Reproduce, please, the line that holds "сифон для ванни, з" and all later lines through the end of the entries below, exactly; omit pictures.
#### PROVIDED MATERIAL ####
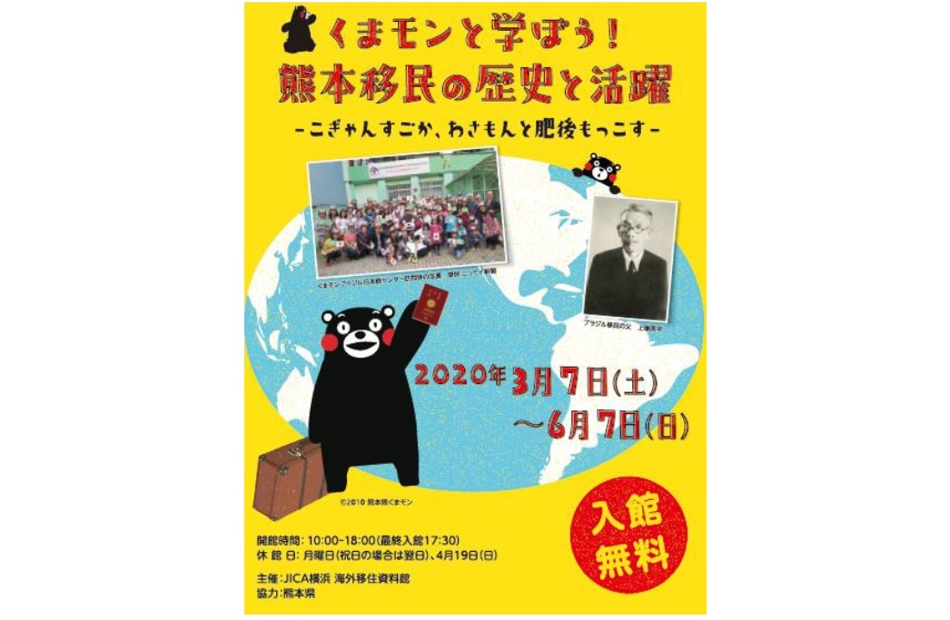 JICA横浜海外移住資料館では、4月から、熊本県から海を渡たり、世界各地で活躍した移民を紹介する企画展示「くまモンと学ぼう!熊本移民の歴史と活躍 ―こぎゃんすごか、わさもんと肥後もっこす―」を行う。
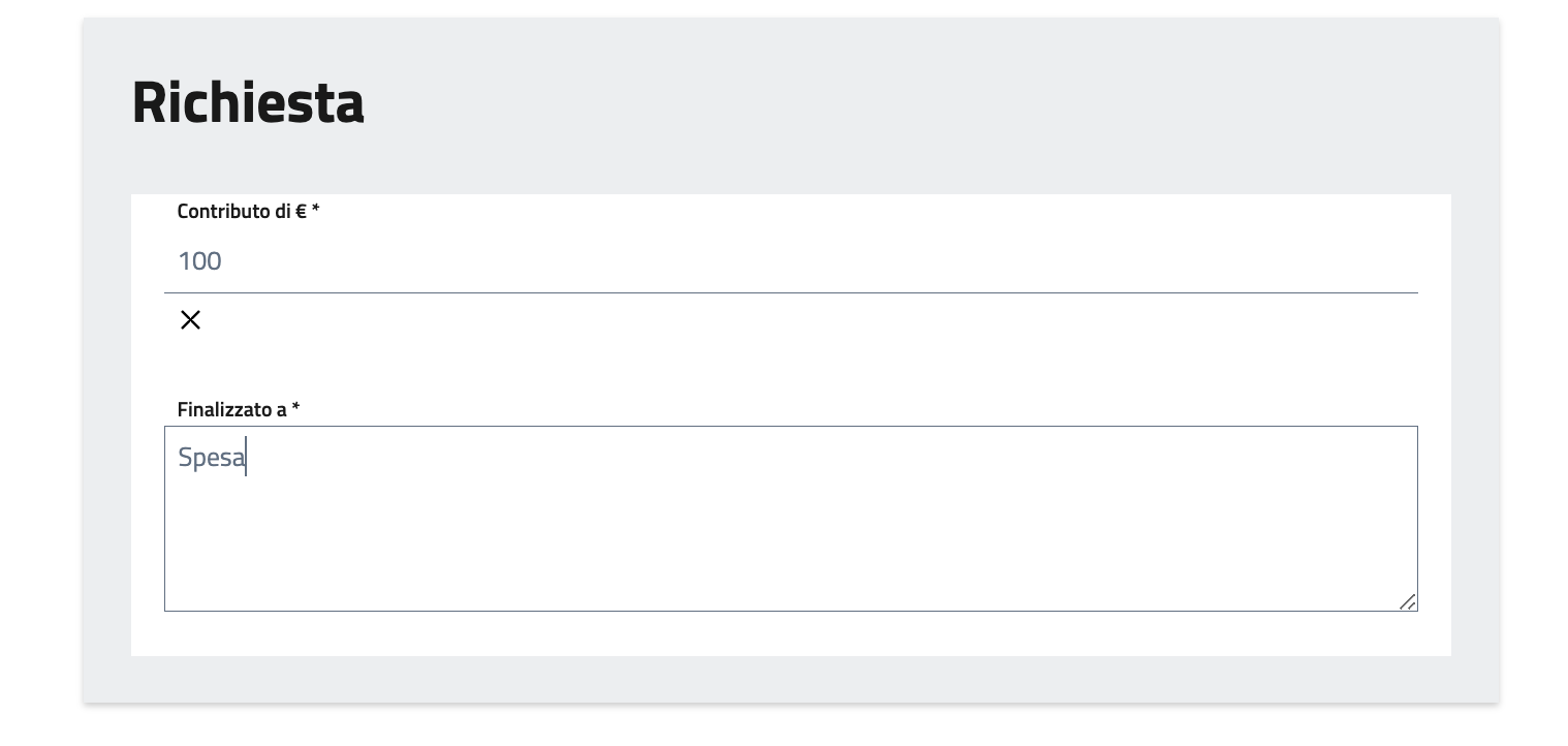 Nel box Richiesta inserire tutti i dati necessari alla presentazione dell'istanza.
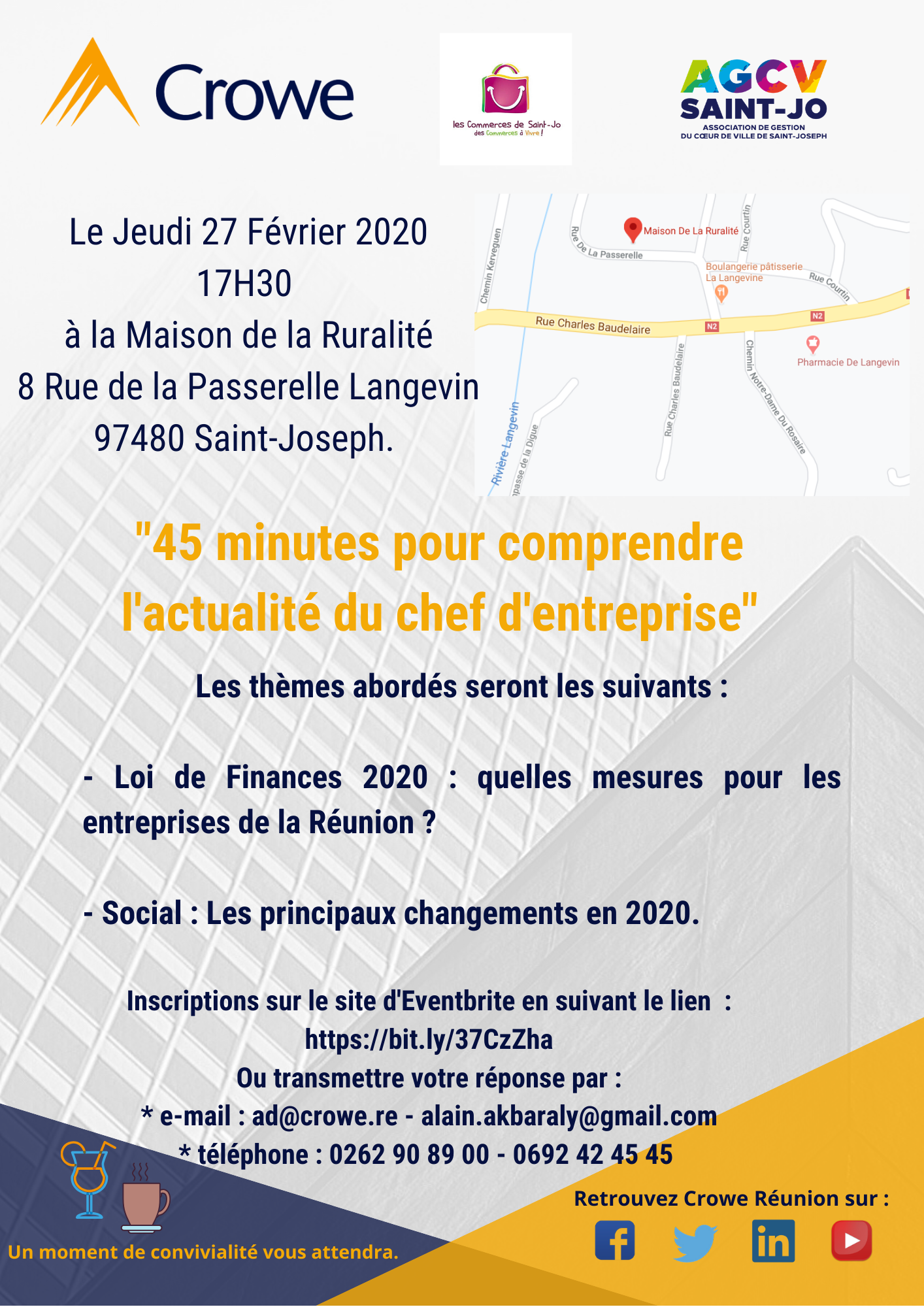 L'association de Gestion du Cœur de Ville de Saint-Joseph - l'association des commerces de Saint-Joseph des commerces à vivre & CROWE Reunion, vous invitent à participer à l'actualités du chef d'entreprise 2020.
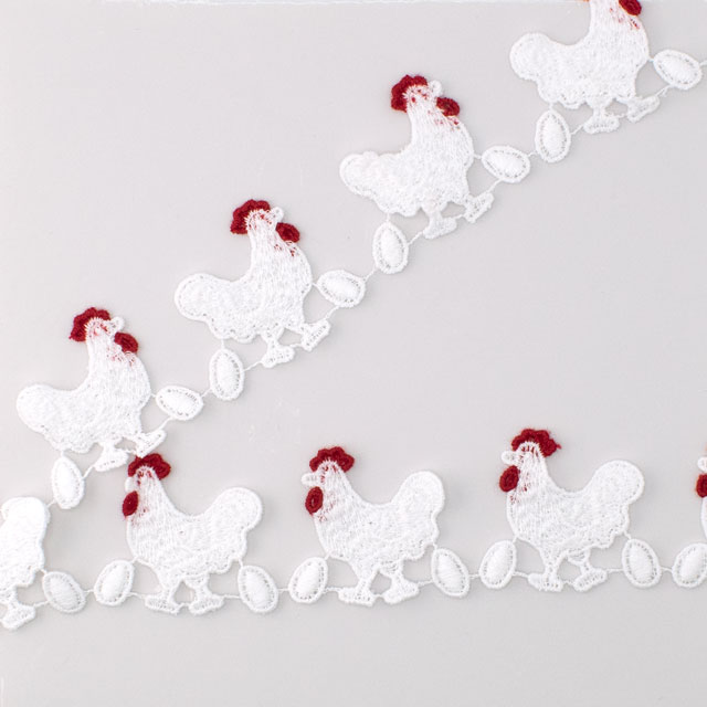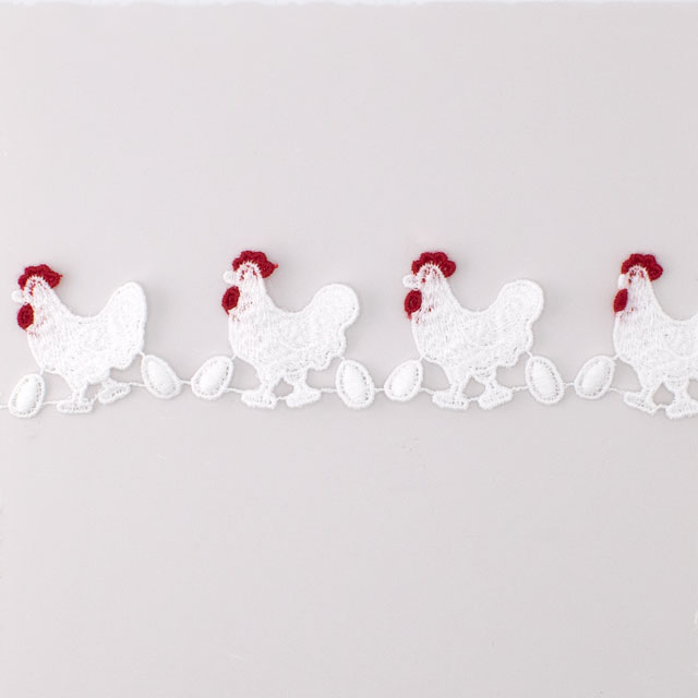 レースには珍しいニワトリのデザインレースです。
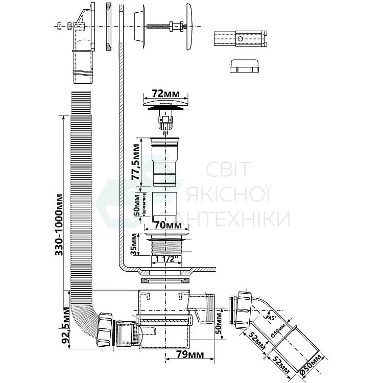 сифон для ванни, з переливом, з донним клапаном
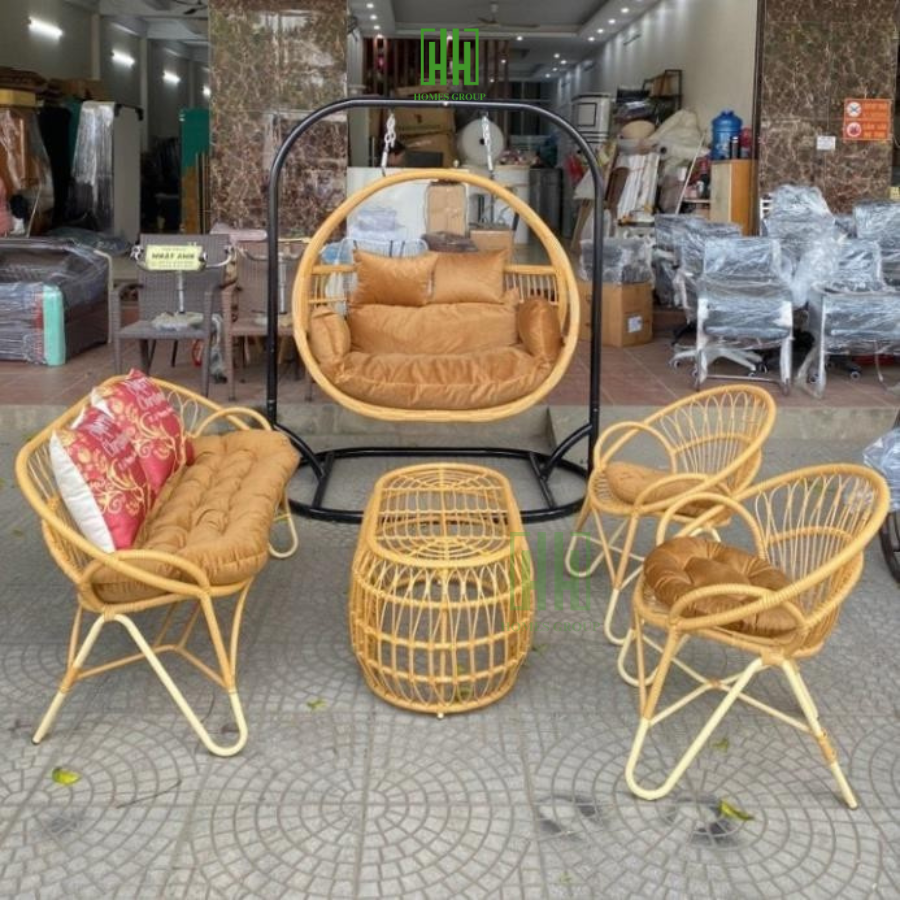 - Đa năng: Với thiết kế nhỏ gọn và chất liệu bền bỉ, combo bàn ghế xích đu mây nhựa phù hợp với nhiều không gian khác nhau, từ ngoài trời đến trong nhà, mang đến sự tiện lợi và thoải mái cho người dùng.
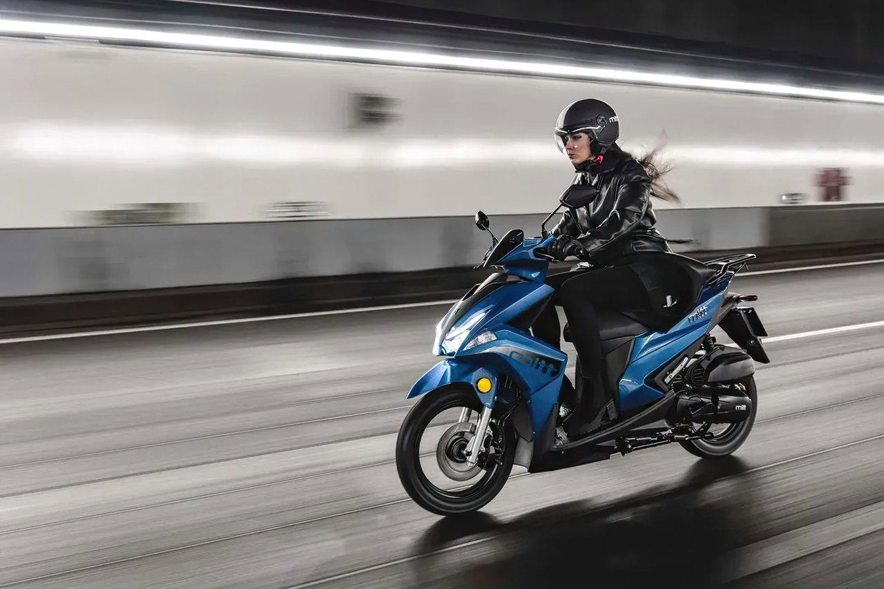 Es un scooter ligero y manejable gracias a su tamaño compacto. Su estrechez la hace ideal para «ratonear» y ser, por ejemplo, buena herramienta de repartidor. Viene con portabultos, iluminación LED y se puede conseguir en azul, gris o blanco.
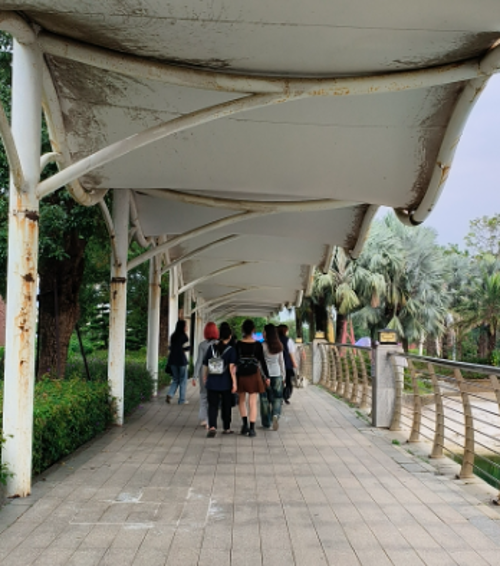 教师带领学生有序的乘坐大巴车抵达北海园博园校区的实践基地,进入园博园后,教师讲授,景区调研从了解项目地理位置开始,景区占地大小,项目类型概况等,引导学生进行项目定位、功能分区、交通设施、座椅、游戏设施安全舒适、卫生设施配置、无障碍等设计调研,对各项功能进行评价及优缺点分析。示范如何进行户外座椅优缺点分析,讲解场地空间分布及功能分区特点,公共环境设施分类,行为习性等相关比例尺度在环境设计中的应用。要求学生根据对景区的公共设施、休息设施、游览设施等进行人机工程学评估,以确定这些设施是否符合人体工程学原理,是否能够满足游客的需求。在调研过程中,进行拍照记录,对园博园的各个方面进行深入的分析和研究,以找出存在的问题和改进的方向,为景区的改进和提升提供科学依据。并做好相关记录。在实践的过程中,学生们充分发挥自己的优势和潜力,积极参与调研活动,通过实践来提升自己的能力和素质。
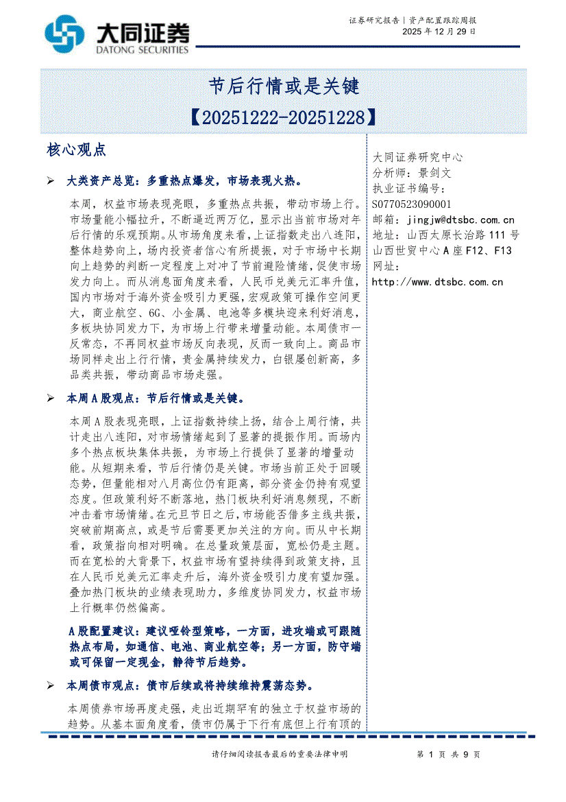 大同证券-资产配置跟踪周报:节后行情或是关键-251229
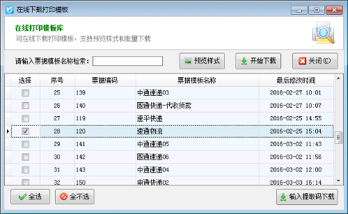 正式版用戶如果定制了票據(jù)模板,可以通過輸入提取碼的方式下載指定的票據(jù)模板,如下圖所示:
####
▶ TASK RESPONSE:
 сифон для ванни, з переливом, з донним клапаном
 - Đa năng: Với thiết kế nhỏ gọn và chất liệu bền bỉ, combo bàn ghế xích đu mây nhựa phù hợp với nhiều không gian khác nhau, từ ngoài trời đến trong nhà, mang đến sự tiện lợi và thoải mái cho người dùng.
 Es un scooter ligero y manejable gracias a su tamaño compacto. Su estrechez la hace ideal para «ratonear» y ser, por ejemplo, buena herramienta de repartidor. Viene con portabultos, iluminación LED y se puede conseguir en azul, gris o blanco.
 教师带领学生有序的乘坐大巴车抵达北海园博园校区的实践基地,进入园博园后,教师讲授,景区调研从了解项目地理位置开始,景区占地大小,项目类型概况等,引导学生进行项目定位、功能分区、交通设施、座椅、游戏设施安全舒适、卫生设施配置、无障碍等设计调研,对各项功能进行评价及优缺点分析。示范如何进行户外座椅优缺点分析,讲解场地空间分布及功能分区特点,公共环境设施分类,行为习性等相关比例尺度在环境设计中的应用。要求学生根据对景区的公共设施、休息设施、游览设施等进行人机工程学评估,以确定这些设施是否符合人体工程学原理,是否能够满足游客的需求。在调研过程中,进行拍照记录,对园博园的各个方面进行深入的分析和研究,以找出存在的问题和改进的方向,为景区的改进和提升提供科学依据。并做好相关记录。在实践的过程中,学生们充分发挥自己的优势和潜力,积极参与调研活动,通过实践来提升自己的能力和素质。
 大同证券-资产配置跟踪周报:节后行情或是关键-251229
 正式版用戶如果定制了票據(jù)模板,可以通過輸入提取碼的方式下載指定的票據(jù)模板,如下圖所示:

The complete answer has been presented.